Overtraining
One of the most difficult problems for athletes is knowing
when you are training too much. You make a muscle stronger
only by stressing that muscle, feeling sore on the next day, and
taking easy workouts or days off until the soreness goes away.
Then you are supposed to take a hard workout again. If you do
not feel soreness on the day after a hard workout, you have not
injured your muscles, and they will not become stronger.
However, if you try to work hard when your muscles feel sore,
muscles do not recover and will feel sore all the time.

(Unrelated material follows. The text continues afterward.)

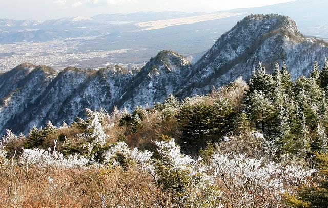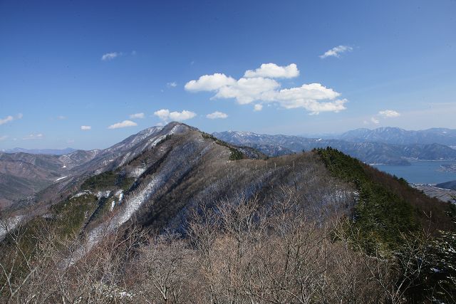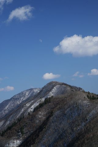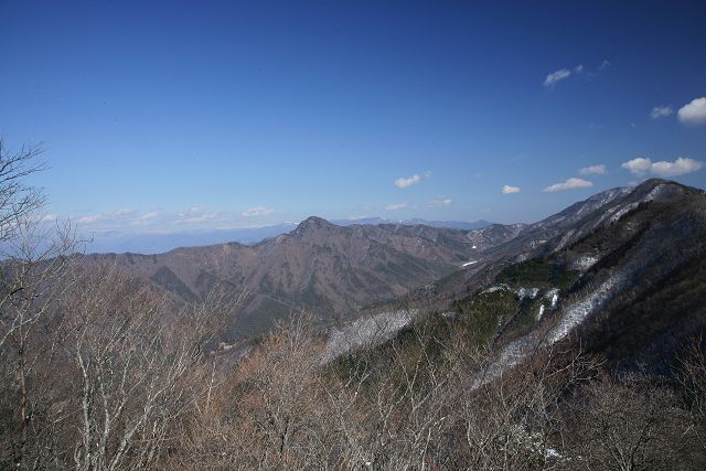 同じところから奥秩父方面の展望です。目の前の尖った山は釈迦ヶ岳、その向こうに薄らと雪化粧をした秩父の山々が見えています。
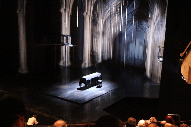 When Shakespeare’s Richard II opens, the King’s Uncle, the Duke of Gloucester has been murdered. Here’s a photo of the stage set with the Duke’s coffin prior to the beginning of the show.

Every athlete knows that sometimes your muscles still
feel little sore several days after a hard workout. You may think
that you have recovered from your previous hard workout and
you think you are ready to stress your muscles again. So you go
ahead and try to run very fast and you start to feel sore all the
time. Your joints, muscles and tendons ache. You feel tired. You
can still run with the soreness in your muscles and tendons, but
the soreness prevents you from running fast. Each succeeding
day, the soreness increases and you think that you are sick, so
you go to your doctor. He does a complete work-up and
everything is normal, so you are stuck with a diagnosis of
training too much.
Now you must go back to background training. If your sport
is running, jog on the days that you can. Take days off when you
feel sore. After several weeks, your muscle start to feel fresh
again and you are able to start running. You are ready to start
training again, but first you must promise yourself that you will
never try to go hard when you feel soreness in your muscles and
tendons. Set up a schedule in which you take a hard-fast workout,
feel sore on the next day, and then go at an easy pace in your
workouts until the soreness has completely disappeared.